Warning: This story contains details of sexual assault and bestiality and may be distressing to some readers.

The man who tormented staff at the Lynn Valley Care Centre with dozens of hoax phone calls early in the pandemic was convicted Friday in BC Supreme Court for trapping a man in a Richmond apartment and subjecting the victim to assault and humiliation for more than a day.

Associate Chief Justice Heather Holmes found Taymour Aghtai, 28, guilty of sexual assault with a weapon, assault with a weapon, extortion, unlawful confinement and use of an imitation firearm in relation to the unlawful confinement.

At the time of the crimes, six months after the Lynn Valley Care Centre hoax calls, Aghtai was operating a business buying and selling merchandise from his home.
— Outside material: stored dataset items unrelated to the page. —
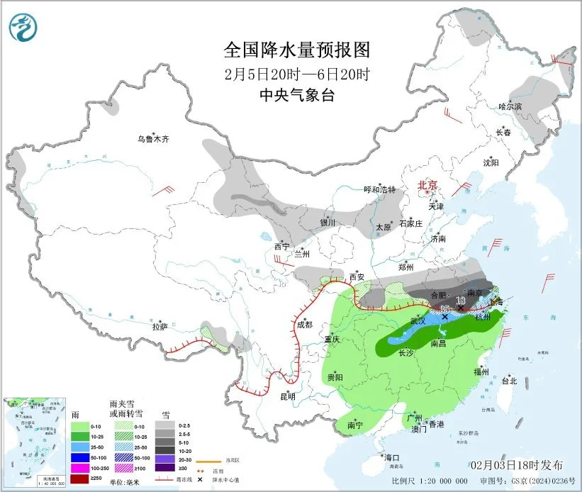 图4 全国降水量预报图(2月5日20时-6日20时)
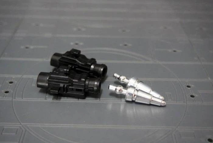 This great add-on set from Before and after features two missile launchers that actually fire! Additionally included is two chromed missiles and a sticker sheet . Set is an add-on designed to go with MP-17 Prowl. B&K Collectables are not responsible for eye loss or other physical injury due to firing of missile launcher. Use at your own risk!
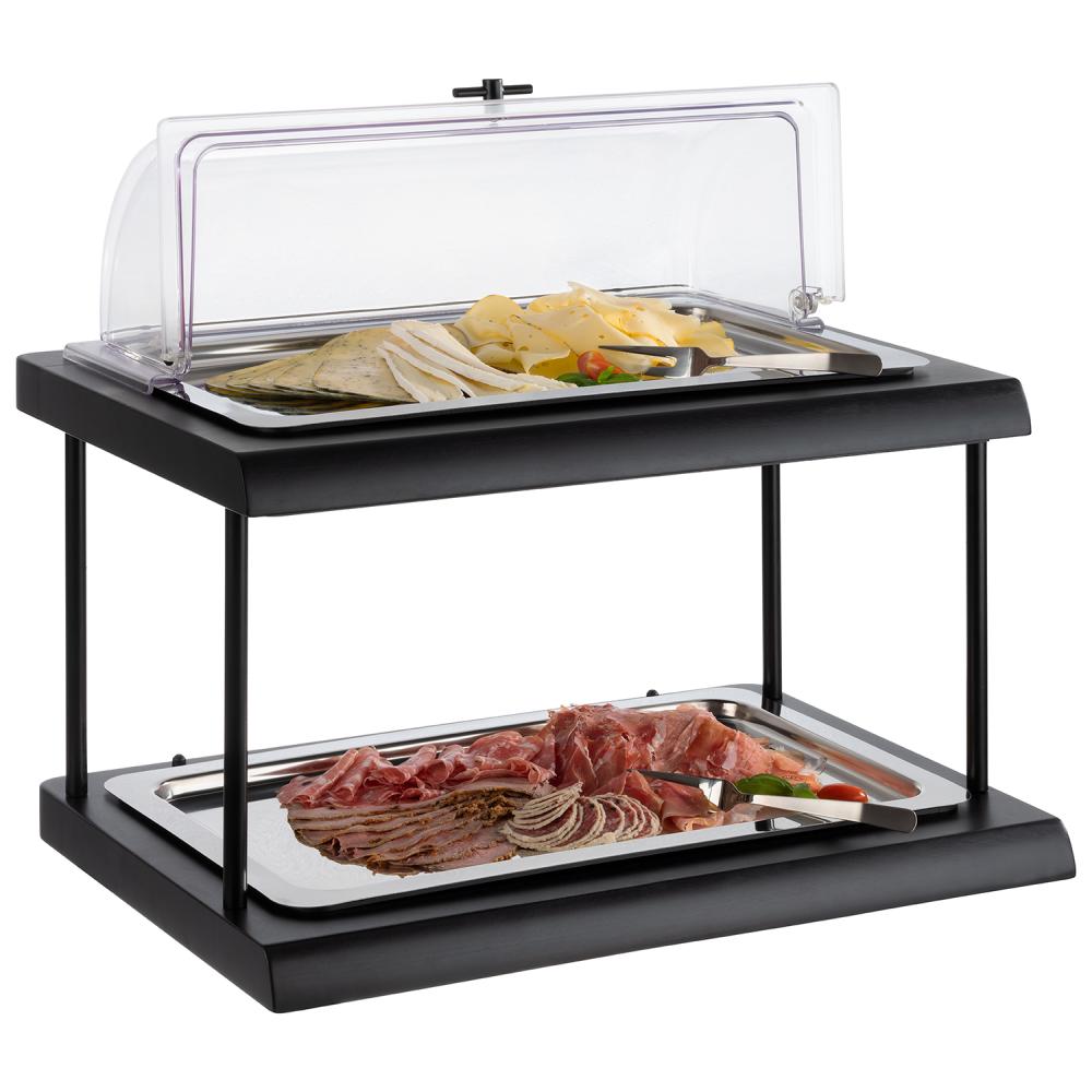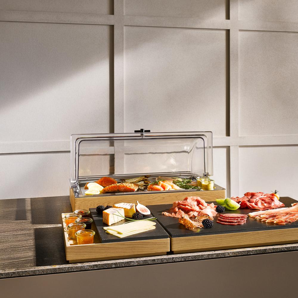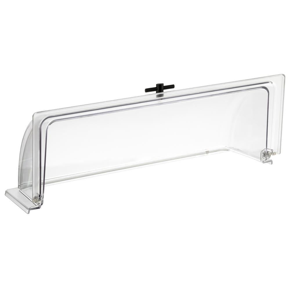 Dankzij het afrolbare mechanisme kan de cover soepel geopend en gesloten worden, zonder dat de deksel volledig verwijderd hoeft te worden. Dit zorgt voor gecontroleerde toegang tot de gerechten en draagt bij aan een nette en professionele buffetpresentatie. De transparante uitvoering maakt de inhoud goed zichtbaar, terwijl het gerecht beschermd blijft tegen uitdroging en externe invloeden.

The victim, who he had known since they were teenagers, occasionally supplied or purchased items.

The victim, whose name is protected by a publication ban, testified during the trial that once he arrived at the apartment near the Richmond Olympic Oval on Sept. 4, 2020, Aghtai hit him on the head from behind, and restrained him with handcuffs and zap straps. He said Aghtai and others assaulted and humiliated over the course of 30 hours until he escaped. 

The man testified that Aghtai “was not the main aggressor, but played a very significant role,” Holmes said.

Aghtai denied the charges. Holmes said that he testified the man “willingly stayed at the apartment, and was at no time subjected to any restraint, violence or abuse of any type that Mr. Aghtai inflicted or witnessed.”

Holmes found the evidence showed beyond a reasonable doubt that Aghtai kept the man restrained physically and sometimes used threats and intimidation against the victim. For instance, Aghtai fired bear spray directly into the victim’s mouth and was a party to the pistol-whipping of a man with an imitation firearm.

Holmes said that he also aided and encouraged a sexual assault with a broom handle, recording it on video and laughing while he did so. Aghtai also committed extortion by aiding and abetting another man to use threats of violence to induce the victim to have or simulate intercourse with a dog, which was also recorded.

She found the victim to be a better witness than Aghtai.

“Some of the offences on Mr. Aghtai's criminal record, such as conveying a false message with intent to alarm, and obtaining by false pretenses, and fraud, of falsehood at their core,” Holmes said. “This, too, weighs against Mr. Aghtai's credibility.”

He will be sentenced at a later date.

Before she read her verdict, Holmes revealed the reason for adjourning Aghtai’s previous hearing.

“It was my turn to get COVID, and I’m over it,” Holmes said. “But there is a lingering cough and occasionally it comes out of the blue and I can’t stop.”

Holmes had managed to stay healthy while presiding over the highest-profile international and domestic BC Supreme Court white-collar cases that coincided with the pandemic: The extradition hearings for Huawei executive Meng Wanzhou and the fraud and breach of trust trial of former B.C. Legislature clerk Craig James.

The verdict came 11 days after a judge in North Vancouver Provincial Court reserved sentencing of Aghtai for public mischief and two counts of conveying a false message with intent to alarm.

Aghtai had pleaded guilty in December 2021 to making 63 malicious crank calls to four managers, six nurses and two administrators at the Lynn Valley Care Centre in March 2020.

The Crown recommended a sentence of two years less a day, plus three years probation. Aghtai’s defence lawyer asked for a 16-to-18-month sentence. Sentencing was originally scheduled for October, but Aghtai refused to leave his cell before the hearing.

Provincial Court heard Jan. 16 that a 2014 psychological assessment concluded that Aghtai was a narcissistic, anti-social alcohol abuser with psychopathic tendencies. 

Aghtai has a criminal record dating back to 2008 for making hoax phone calls that falsely alleged heinous crimes or impersonated police officers. He also has a record of assault, robbery, break and enter, confinement and weapons offences, and violating court orders.

In 2020, he stole personal protective equipment from a seniors care home and escaped lawful custody at Richmond Hospital where he assaulted two corrections officers by threatening them with a contaminated syringe.